Turkey has called on the United States to withdraw its military personnel from northern Syria’s Manbij region after announcing Ankara’s plan to push Syrian Kurdish fighters from the area, according to local media.
Mevlut Cavusoglu, Turkey’s foreign minister, said on Saturday that it was “necessary for them [US] to immediately withdraw from Manbij” as well as take “more concrete steps rather than words” to end its support for the Syrian Kurdish People’s Protection Units (YPG) armed group.
“The US must cut ties with the terrorist organization,” he told reporters in Turkey’s Mediterranean province, Antalya, the Turkish daily Hurriyet reported, as cited by Al Jazeera.
The remarks came a day after, according to the Turkish presidency, US National Security Advisor HR McMaster assured Ankara in a phone call on Friday that Washington would no longer give weapons to YPG, Hurriyet reported.
Turkey considers YPG, the military wing of the Syrian Kurdish Democratic Union Party (PYD) as an offshoot of the Kurdistan Workers Party (PKK), which is outlawed in Turkey. Ankara says pushing Syrian Kurdish fighters away from northern Syria is essential for Turkey’s national security.
On January 20, Turkey launched a military operation along with the Free Syrian Army—a Syrian rebel group—to drive YPG from Syria’s northwestern district of Afrin.
On Friday, Turkey’s President Recep Tayyip Erdogan said Turkish troops could push YPG all the way east to the frontier with Iraq, including Manbij, Hurriyet reported.

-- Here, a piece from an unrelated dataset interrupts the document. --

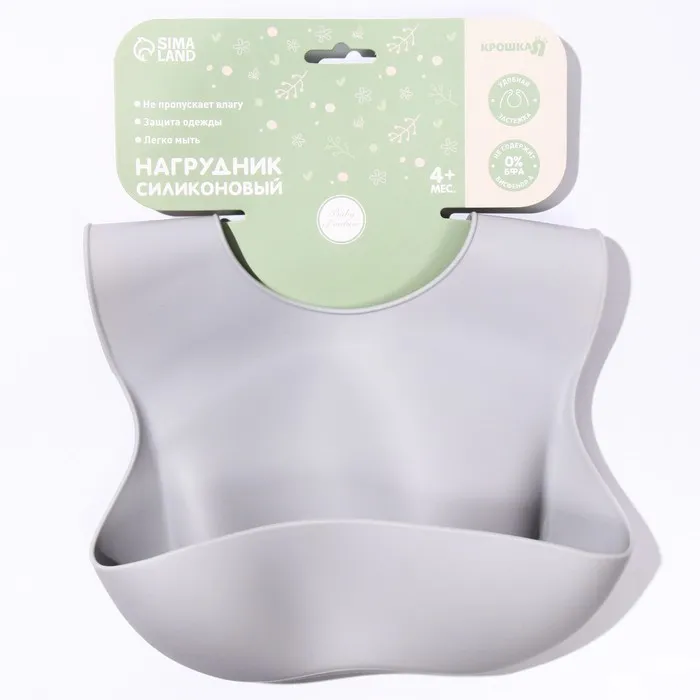 Товар изготовлен из силикона, не содержащего токсичных веществ. После использования мойте тёплой мыльной водой. Нагрудник рекомендован для детей старше 4 месяцев.

According to a statement published by the Turkish armed forces on Saturday, about 394 fighters were “neutralized” since the start of the Afrin operation.

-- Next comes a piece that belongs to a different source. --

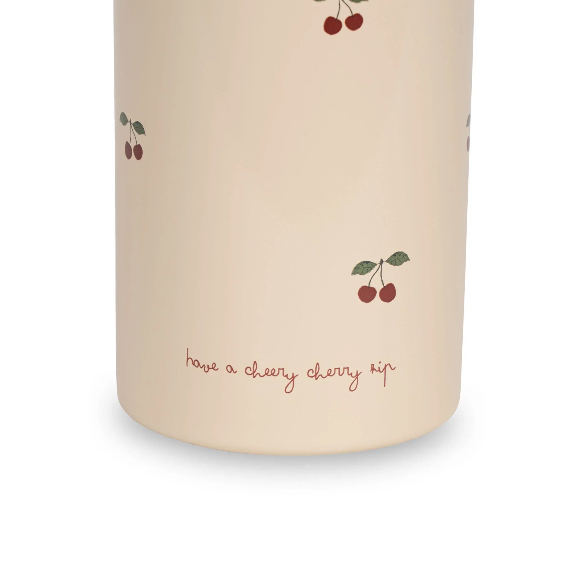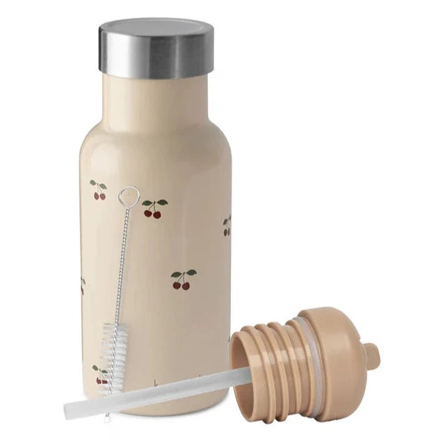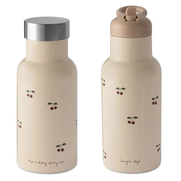 En fantastisk termoflaska för barn från Konges Sløjd med ett sött körsbärsdesign och två utbytbara lock.

The army said, “340 targets of the PKK, KCK [Kurdistan Communities Union], PYD/YPG [Syrian Kurdish Democratic Union Party/People’s Protection Units], and ISIL [an acronym for the self-styled Islamic State] terror organizations have been destroyed.”
It also said three Turkish soldiers and 13 members of the allied FSA were killed in the operation.
Also on Saturday, a rocket was fired from Afrin hit Turkey’s border province of Kilis, injuring two people after hitting a five-storey building in the neighborhood of 7 Aralik, according to Turkey’s state-run Anadolu Agency.